Committee chairman Gerald Kaufman MP accused the governors of being “utterly gushing” in their assessment of the last year. He questioned how long the BBC could go on arguing that it should be funded by “a tax” as it “goes on shrinking, as it is shrinking and will shrink”. The corporation has also been under political scrutiny following its public row with 10 Downing Street over a BBC story that claimed the prime minister’s office “sexed up” a dossier on Iraqi weapons. Mr Kaufman said the BBC should sack Andrew Gilligan, the reporter who prompted the Iraq weapons row. He added that Mr Gilligan and other journalists should be sacked for writing what he called “contentious” articles for the newspapers.
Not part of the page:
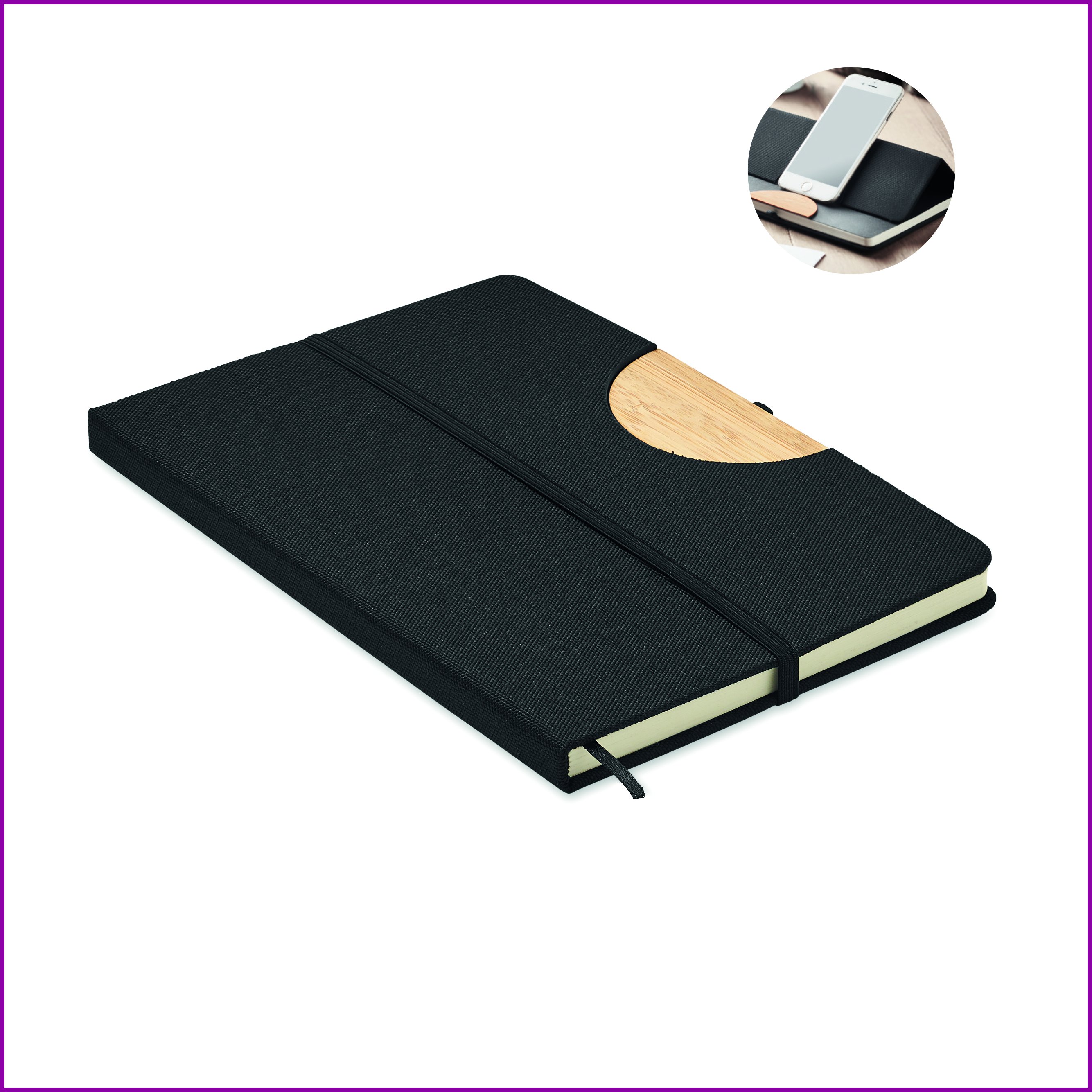 A5 muistikirja kovalla RPET kannella, bambu yksityiskohta toimii puhelintelineenä. 160 viivoitettua kierrätettyä sivua (80 arkkia) ja väriltään yhteensopiva elastinen suljin. Täydellinen muistikirja pitämään muistiinpanosi tallessa, sisäänrakennettu puhelimenteline auttaa pitämään laitteesi pystyssä kokousten aikana ja kätesi vapaana tekemään muistiinpanoja. FSC®-certified | FSC MIX CREDIT, P7.1, FSC-C213206

Meanwhile another Brit has gone to court to resist having to pay the BBC tax.

EMAIL OF THE DAY

“I am an admirer of your writing and (generally) good common sense. I contributed to your original fund drive, as yours was a voice I wanted to hear. Even when I disagree with you, as I do on the issue of gay marriage (good Catholics can disagree, right?), I take your arguments seriously enough to consider them as those of a thoughtful human, not the spawn of Satan. Thus I was particularly annoyed to read the snippet today on “the social right’s darling, Pat Robertson.” As you can tell, I’m a social conservative, but I also consider Robertson an ignorant bigot and fast talker who is an embarrassment to me (and many of my friends on the social right). -I refrain from associating you with nutbar leftist homosexuals; I’d appreciate it if you would refrain from associating-me and other-social conservatives with Robertson (whom I loathe).” I take the point. But there was a time when Robertson was regarded as a pillar of the consrvative establishment, defended by the likes of Norman Podhoretz, etc.